Collected data
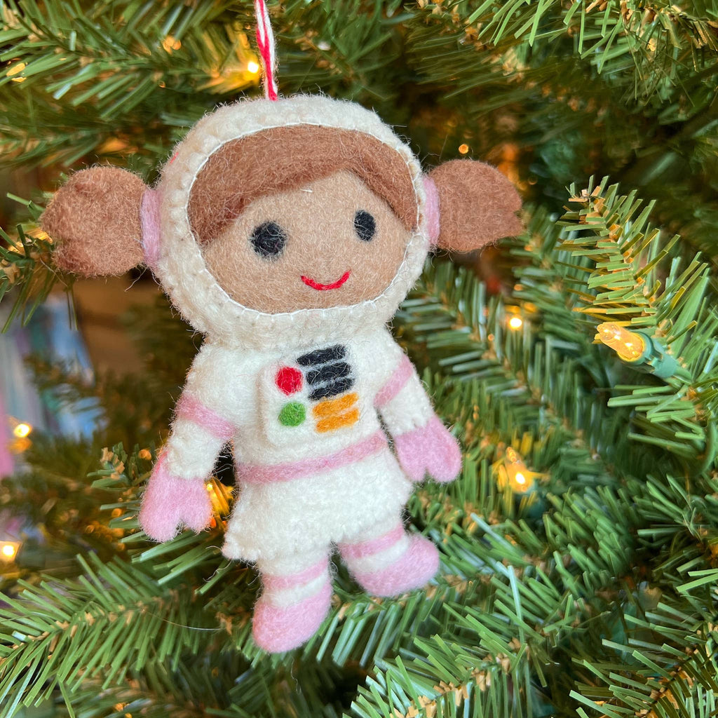 Your little explorer will love our Kid Astronaut Ornament! This cheerful child is suited up and ready to see the galaxy. Our Felt Christmas Ornaments are handmade by artisans in Nepal, Asia using colorful sheep wool. Popular for their charming designs, felt ornaments are soft, durable and excellent for holiday gifting. Perfect stocking stuffers for kids, gift toppers or whimsical Christmas decor! Chose from the Boy in Blue or Girl in Pink.
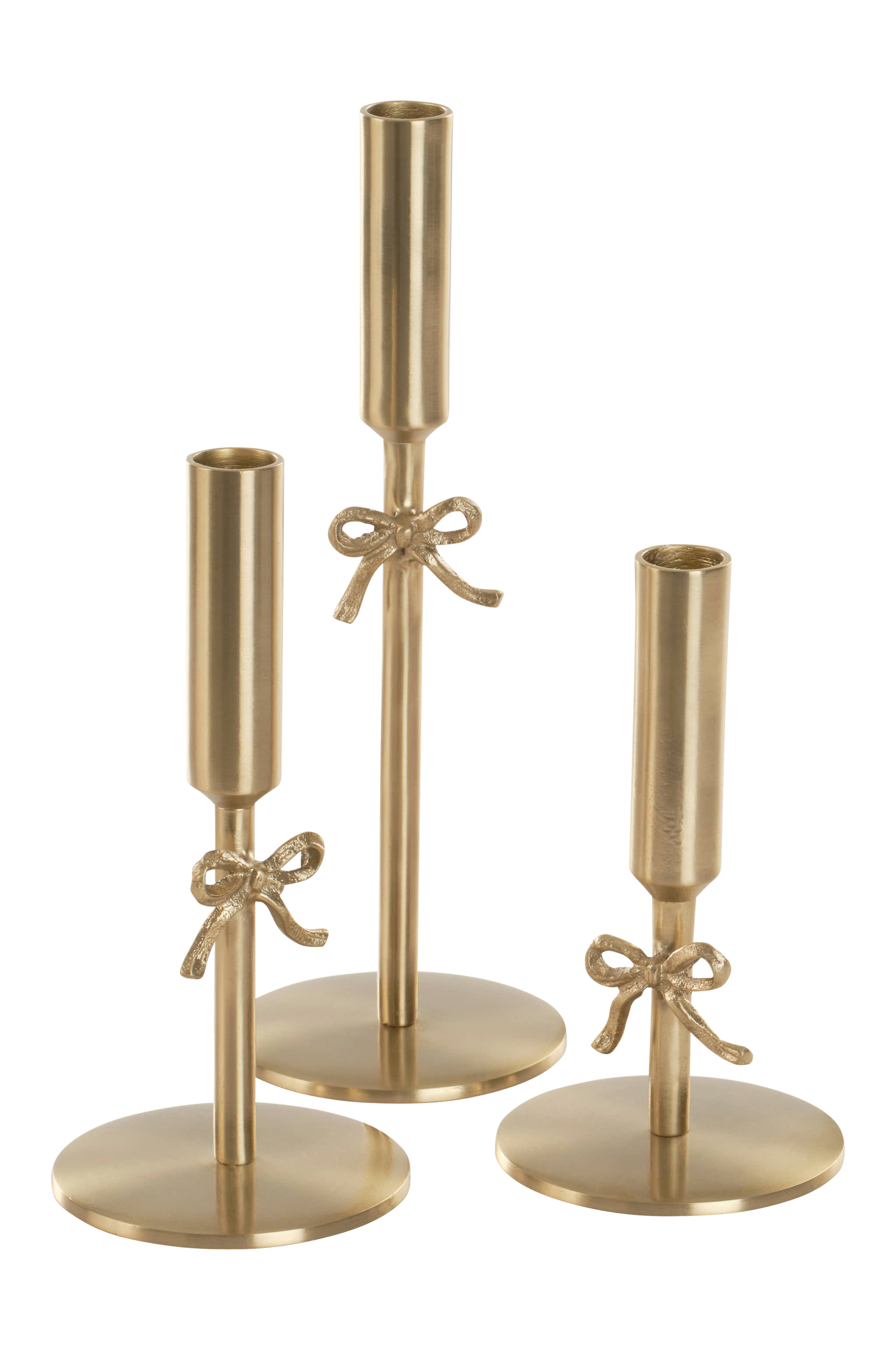 BOWY-ljusstakssetet har en charmig metalldesign med en dekorativ rosett. Denna uppsättning med tre ljusstakar tillför elegans och tidlös stil till alla inredningar och skapar en sofistikerad atmosfär. Perfekt för att förhöja din interiör med en touch av klass.
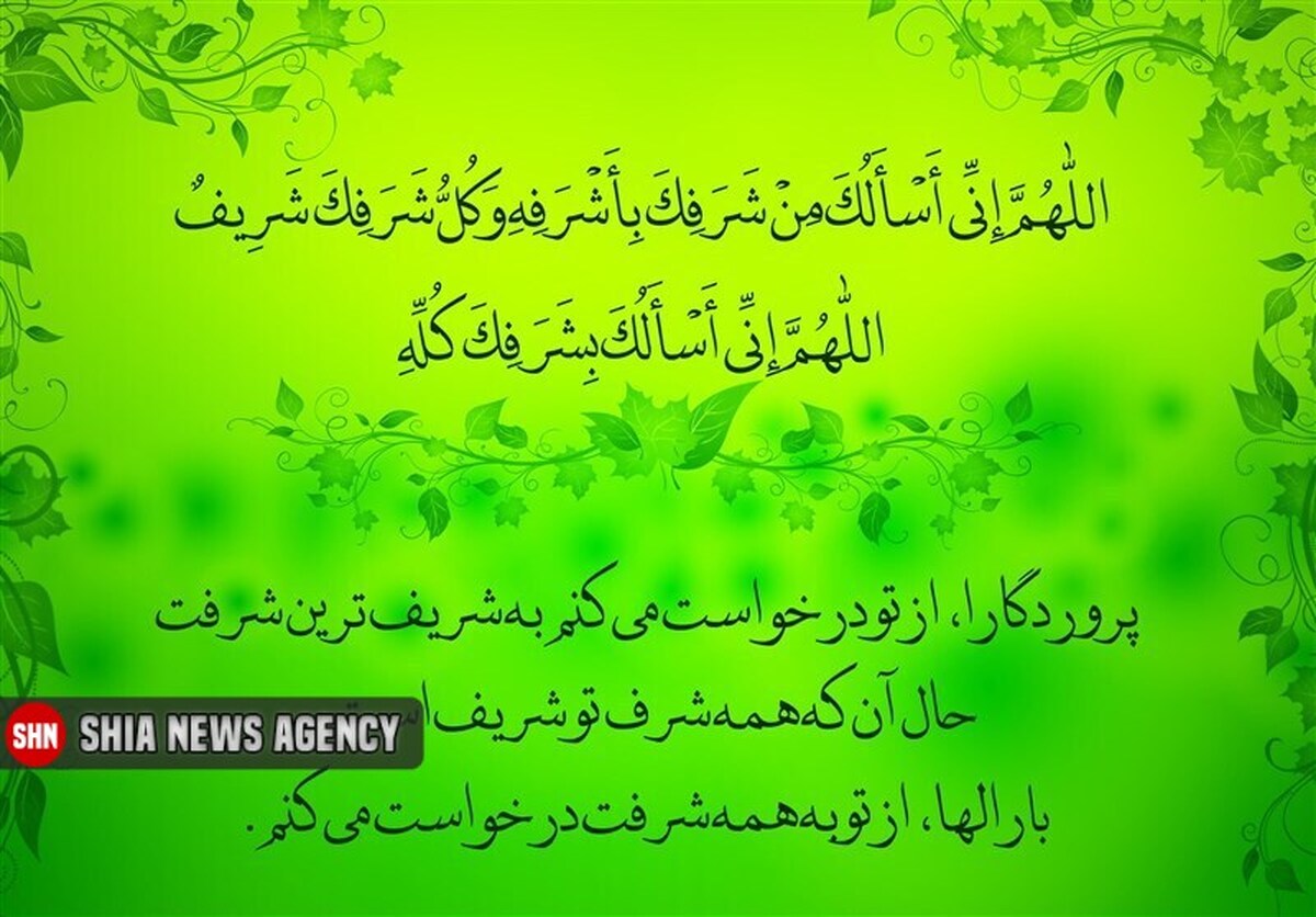 پروردگارا، از تو در خواست می‌کنم به شریف‌ترین شرفت حال آن که همه شرف تو شریف است. بارالها، از تو به همه شرفت درخواست می‌کنم.
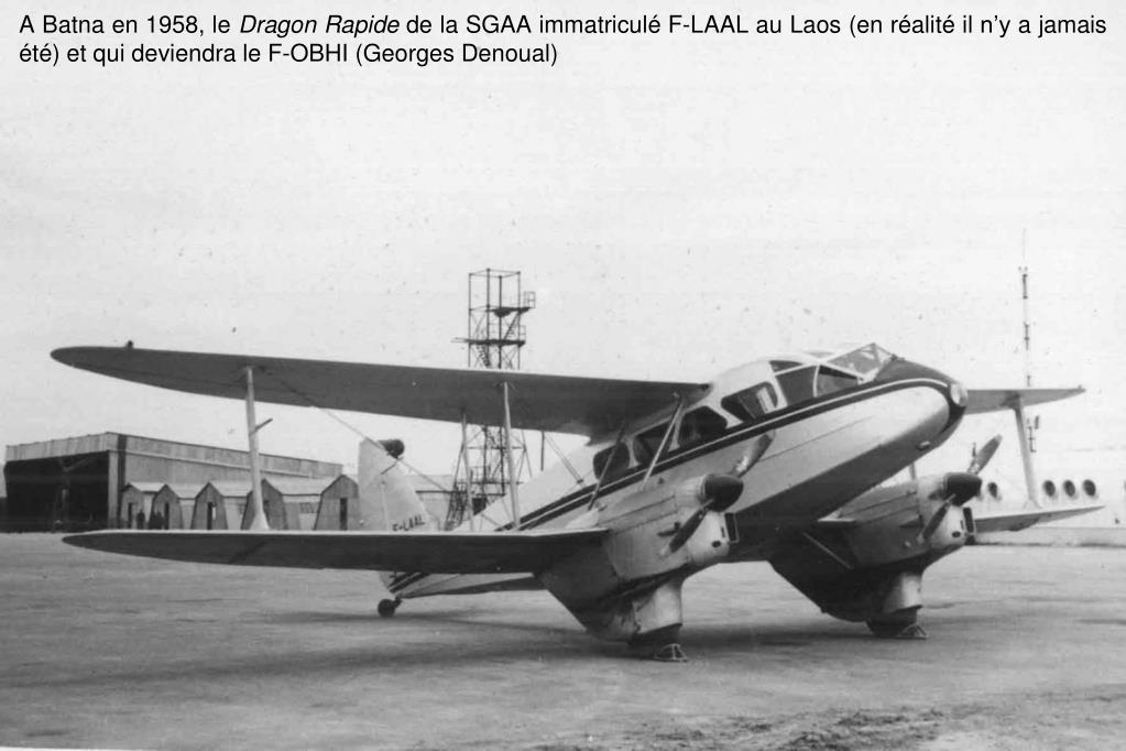 A Batna en 1958, le Dragon Rapide de la SGAA immatriculé F-LAAL au Laos (en réalité il n’y a jamais été) et qui deviendra le F-OBHI (Georges Denoual)
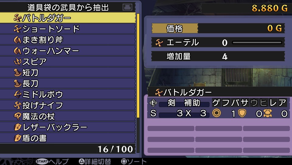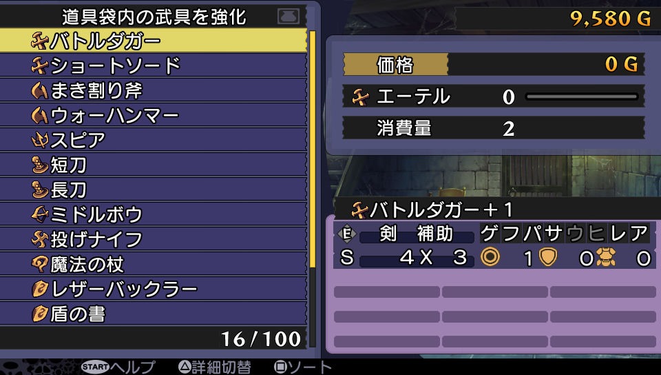 Promesse stays in the cellar. She can revive fallen characters and extract ether from weapons. Ether can be used to strengthen weapons and armor.
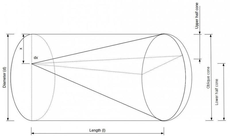 I now need to calculate the solid angle due to this oblique cone which I cannot seem to do. So since it is given that the length of the cylinder is much longer compared to the radius of its base, I thought I could brake the oblique cone into 2 half right cones and add up the solid angles due to them. I'm not sure if this is correct.
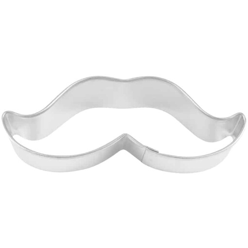 Tinplated Steel Mustache 4″ Cookie Cutter. Hand wash and dry thoroughly before storing.
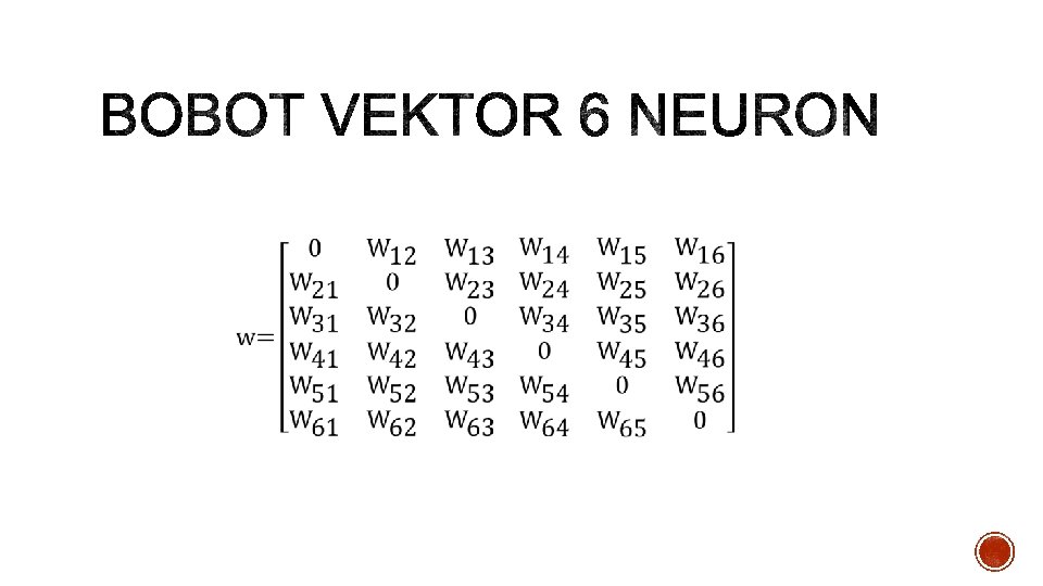 § Jaringan Hopfield Diskrit merupakan jaringan saraf tiruan yang terhbung penuh (fully connected), yaitu bahwa setiap unit terhubung dengan setiap unit lainnya. § Jaringan ini memiliki bobot-bobot yang simetris. § Pada jaringan Hopfield, setiap unit tidak memiliki hubungan dengan dirinya sendiri. § Secara matematik hal ini memenuhi wij = wji untuk i ≠ j dan wij = 0 untuk i = j. § Fungsi aktivasi yang digunakan dalam jaringan Hopfield adalah fungsi energy Lyapunov, yaitu sebuah fungsi yang terbatas dan menurun untuk mendapatkan kestabilan pada aktivasinya.
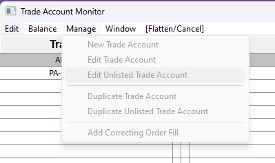 Unable to edit an account from the Trade Account Monitor
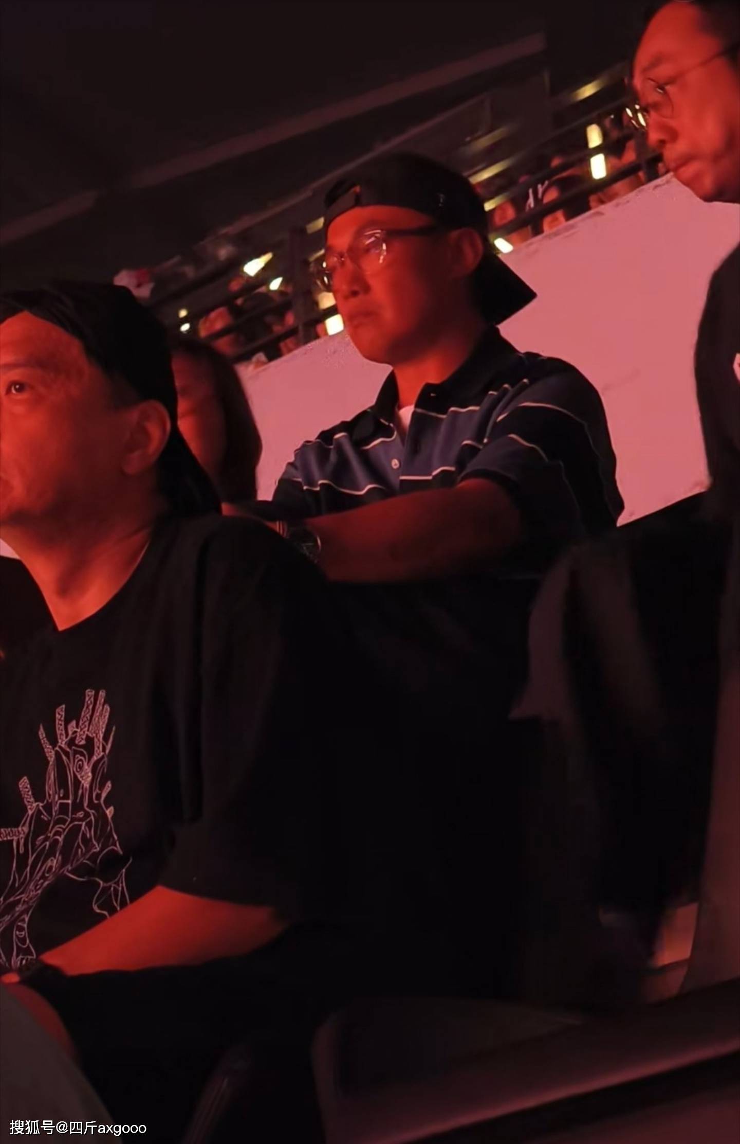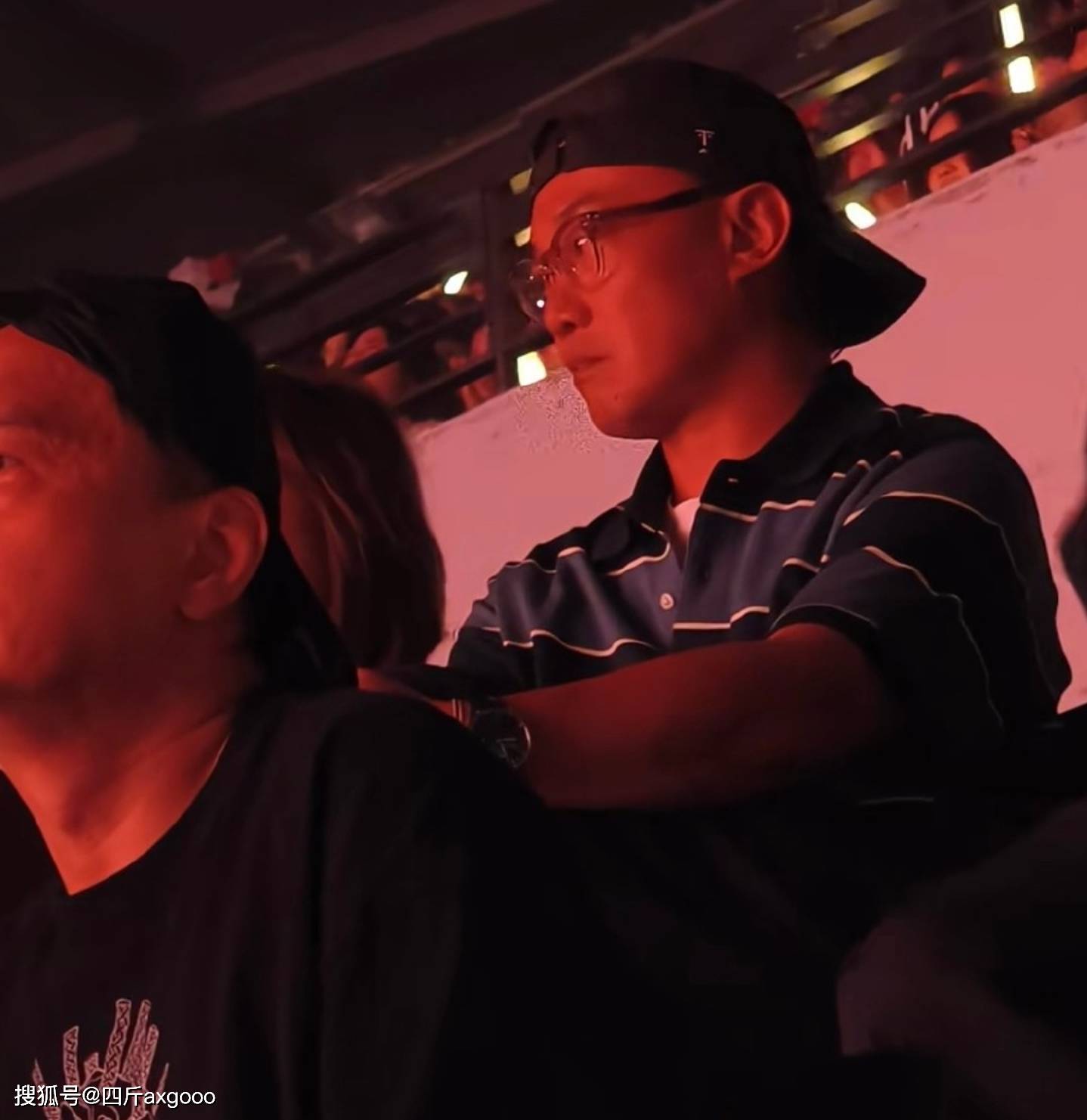 我看了一下网友分享的画面,陈奕迅在台下戴着帽子,表情十分严肃。
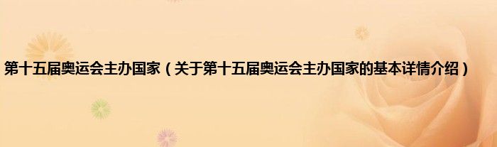 本文关于第十五届奥运会主办国家的基本详情介绍就讲解完毕,希望对大家有所帮助。
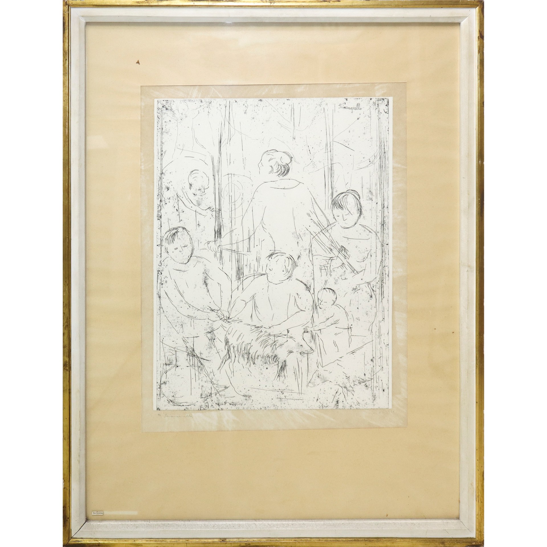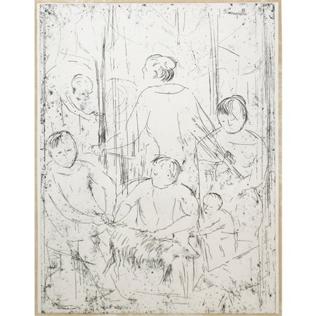 Nunzio Sciavarello (Bronte 1918-Catania 2013) - La Tosatura, Prova d'Autore, 1959 cm 50x37,5 in cornice cm 87x66 Firmato in basso a siistra e sulla destra Prova d'autoreFirmato in basso a siistra e sulla destra Prova d'autore
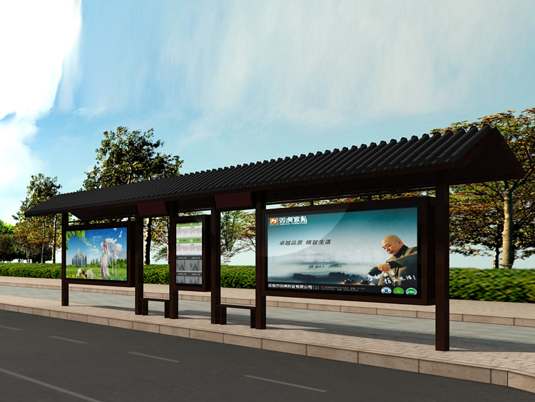 公交車候車亭一般是與公交站牌相配套的,為方便公交乘客候車時遮陽、防雨等,在車站、道路兩旁或綠化帶的港灣式公交停靠站上建設的交通設施。由于城市公交的日益發達,候車亭已發展成為城市一個不可或缺的重要組成部分,設計精美的候車亭也成為了城市一道美麗的風景。 一般候車亭棚體主要頂棚、立柱、頂弓、廣告燈箱和坐凳組成,也有用隔板來代替廣告燈箱的。
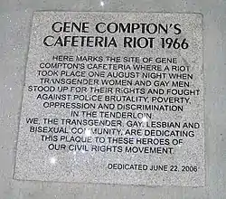 Первые открытые стычки ЛГБТ-людей с полицией были отмечены ещё в 1959 году[26]. В 1966 году полиция прибыла в Кафе Комптона, чтобы арестовать мужчин за ношение одежды противоположного пола. Локальный конфликт очень быстро перерос в открытое противостояние с хозяевами кафе. Друзья арестованных устроили в кафе настоящий погром. В расход шло все: от тарелок и чашек, до зеркал и окон. На следующую ночь, когда хозяева кафе вставили разбитые окна и зеркала, погром повторился с ещё большей силой. Кафе было практически «стёрто с лица земли»[27] И так продолжалось до тех пор, пока арестованных не отпустили. Считается, что этот конфликт ознаменовал собой начало трансгендерного движения в Сан-Франциско[27].

Task to complete
A verbatim copy of all the records, minus the pictures, is the expected answer.

Answer to this task
 Your little explorer will love our Kid Astronaut Ornament! This cheerful child is suited up and ready to see the galaxy. Our Felt Christmas Ornaments are handmade by artisans in Nepal, Asia using colorful sheep wool. Popular for their charming designs, felt ornaments are soft, durable and excellent for holiday gifting. Perfect stocking stuffers for kids, gift toppers or whimsical Christmas decor! Chose from the Boy in Blue or Girl in Pink.
 BOWY-ljusstakssetet har en charmig metalldesign med en dekorativ rosett. Denna uppsättning med tre ljusstakar tillför elegans och tidlös stil till alla inredningar och skapar en sofistikerad atmosfär. Perfekt för att förhöja din interiör med en touch av klass.
 پروردگارا، از تو در خواست می‌کنم به شریف‌ترین شرفت حال آن که همه شرف تو شریف است. بارالها، از تو به همه شرفت درخواست می‌کنم.
 A Batna en 1958, le Dragon Rapide de la SGAA immatriculé F-LAAL au Laos (en réalité il n’y a jamais été) et qui deviendra le F-OBHI (Georges Denoual)
 Promesse stays in the cellar. She can revive fallen characters and extract ether from weapons. Ether can be used to strengthen weapons and armor.
 I now need to calculate the solid angle due to this oblique cone which I cannot seem to do. So since it is given that the length of the cylinder is much longer compared to the radius of its base, I thought I could brake the oblique cone into 2 half right cones and add up the solid angles due to them. I'm not sure if this is correct.
 Tinplated Steel Mustache 4″ Cookie Cutter. Hand wash and dry thoroughly before storing.
 § Jaringan Hopfield Diskrit merupakan jaringan saraf tiruan yang terhbung penuh (fully connected), yaitu bahwa setiap unit terhubung dengan setiap unit lainnya. § Jaringan ini memiliki bobot-bobot yang simetris. § Pada jaringan Hopfield, setiap unit tidak memiliki hubungan dengan dirinya sendiri. § Secara matematik hal ini memenuhi wij = wji untuk i ≠ j dan wij = 0 untuk i = j. § Fungsi aktivasi yang digunakan dalam jaringan Hopfield adalah fungsi energy Lyapunov, yaitu sebuah fungsi yang terbatas dan menurun untuk mendapatkan kestabilan pada aktivasinya.
 Unable to edit an account from the Trade Account Monitor
 我看了一下网友分享的画面,陈奕迅在台下戴着帽子,表情十分严肃。
 本文关于第十五届奥运会主办国家的基本详情介绍就讲解完毕,希望对大家有所帮助。
 Nunzio Sciavarello (Bronte 1918-Catania 2013) - La Tosatura, Prova d'Autore, 1959 cm 50x37,5 in cornice cm 87x66 Firmato in basso a siistra e sulla destra Prova d'autoreFirmato in basso a siistra e sulla destra Prova d'autore
 公交車候車亭一般是與公交站牌相配套的,為方便公交乘客候車時遮陽、防雨等,在車站、道路兩旁或綠化帶的港灣式公交停靠站上建設的交通設施。由于城市公交的日益發達,候車亭已發展成為城市一個不可或缺的重要組成部分,設計精美的候車亭也成為了城市一道美麗的風景。 一般候車亭棚體主要頂棚、立柱、頂弓、廣告燈箱和坐凳組成,也有用隔板來代替廣告燈箱的。
 Первые открытые стычки ЛГБТ-людей с полицией были отмечены ещё в 1959 году[26]. В 1966 году полиция прибыла в Кафе Комптона, чтобы арестовать мужчин за ношение одежды противоположного пола. Локальный конфликт очень быстро перерос в открытое противостояние с хозяевами кафе. Друзья арестованных устроили в кафе настоящий погром. В расход шло все: от тарелок и чашек, до зеркал и окон. На следующую ночь, когда хозяева кафе вставили разбитые окна и зеркала, погром повторился с ещё большей силой. Кафе было практически «стёрто с лица земли»[27] И так продолжалось до тех пор, пока арестованных не отпустили. Считается, что этот конфликт ознаменовал собой начало трансгендерного движения в Сан-Франциско[27].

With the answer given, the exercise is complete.